If the project does get the green light, then it would doom decades of dreams about digging a much more expensive “Kra Canal” — Thailand’s version of the Panama Canal — on a similar route across the Kra Isthmus, linking Ranong and Chumphon. That canal would have spanned the peninsula at its narrowest point by dredging a deeper 40-mile-long stretch of the Kra Buri River near Ranong Port.
During the 17th century, European and Thai leaders talked about hacking through the jungle but lacked the will, finances and technology to make the Kra Canal.
Arrangements to finance the land bridge have not been made public, but a major injection of foreign investment is anticipated. China, the U.S., Australia and India appeared to be interested in helping build the Kra Canal, but the price for Thai partners spiraled too high.

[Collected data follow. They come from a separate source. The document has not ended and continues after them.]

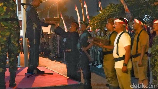 Meriahnya upacara Taptu, tradisi kemiliteran yang dilakukan di malam menjelang hari kemerdekaan yang digelar Forkopimda Kabupaten Karawang berjalan khidmat.
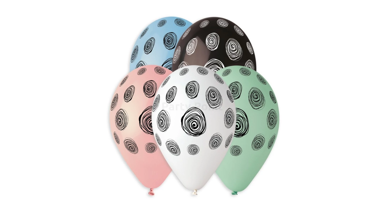 33 cm-es Spirál minták printelt gumi léggömb 10 db / csomag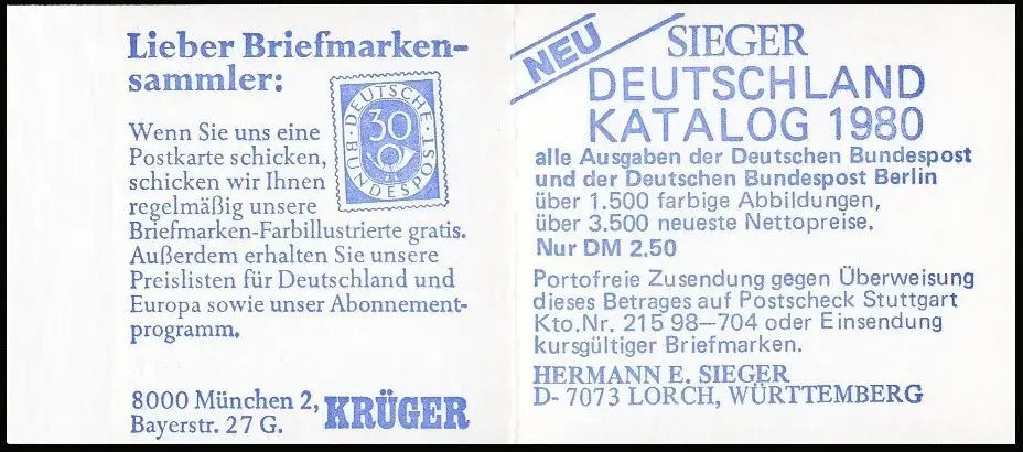 2 Adressen, Briefmarkensammler/SIEGER-Katalog; PLF II: senkrechte Verbindung der Dachbalken, Feld 1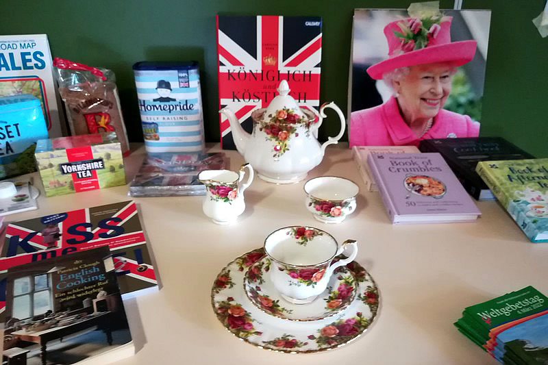 Ein liebevoll gedeckter Tisch mit besonderem Porzellan und verschiedenen Teekannen erwartete die Frauen in Unna-Bilmerich. Ein Mitbringbufett mit Köstlichkeiten aus den Weltgebetstagsländern England, Wales und Nordirland stand bereit und verlockte zum Probieren.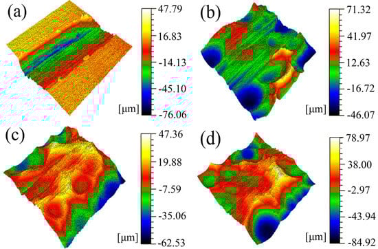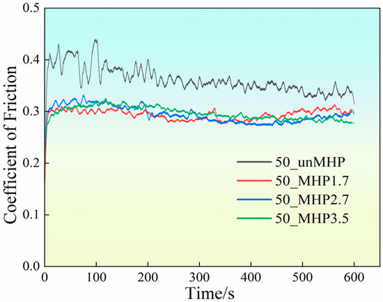 - MHP significantly enhanced the wear resistance of A7075. Compared to the control group, the peened samples exhibited lower coefficients of friction and wear volume, with the sample peened at 2.7 J (MHP2.7) having a wear volume of 7.67 × 10−4 mm3. Under a load of 50N, the wear traces on the surface of the peened samples were not apparent, especially in the case of the MHP2.7 sample, where the wear groove was above the average height and the damage to the surface from friction and wear was extremely limited.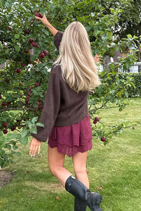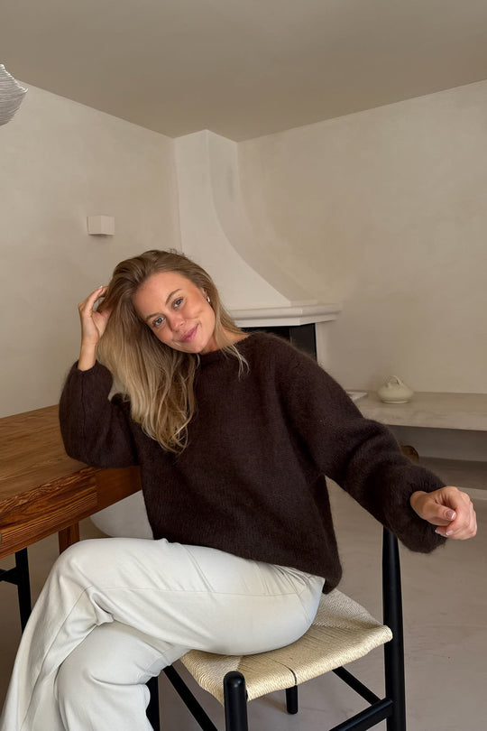 En smuk, blød mohair-pullover i mørkebrun. Cardiganen har lange ærmer med tætsiddende ribkanter, der giver ærmerne et blødt pufet look. En matchende ribkant findes også forneden og omkring den runde halsudskæring, hvilket skaber en voluminøs silhuet.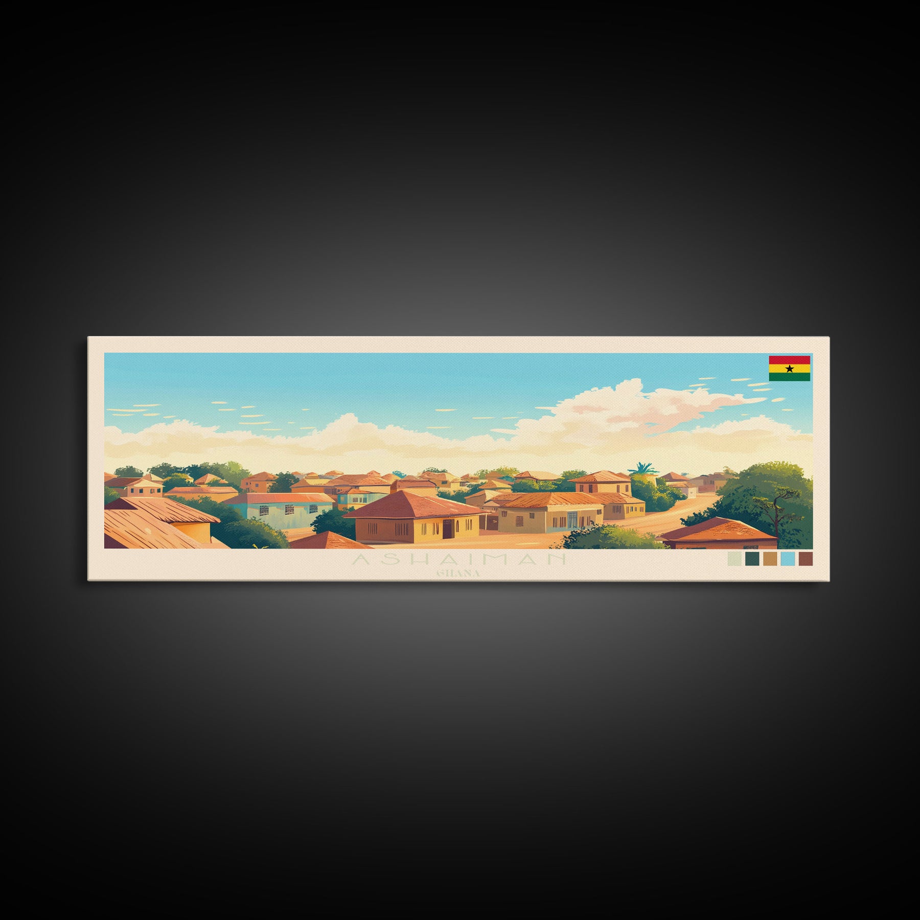 Panoramic Travel Poster Ashaiman, Ghana Canvas Print, Ashaiman, Ghana Painting, Ghana Art, Ashaiman Travel Art, Guest Room Painting

Both the canal and the land route increase the risk of sea pollution, oil spills and other environmental havoc in an area largely dependent on coastal fishing. Also, the U.S.-Chinese rivalry appears to be heating up again in Thailand. Washington had been toning down its rhetoric on Mr. Prayuth’s increasingly authoritarian rule.
During the past several years, the U.S. has been training the Thai navy in submarine warfare to guard its ports and waters along the Andaman and gulf.
“It is important to maintain relations with Thailand because they have outstanding visibility in the maritime domain in a critical part of the world,” Marine Corps Gen. Joseph F. Dunford, then chairman of the Joint Chiefs of Staff, said in 2018.
China, meanwhile, has been trying to sell three submarines to Thailand to boost its relatively weak navy.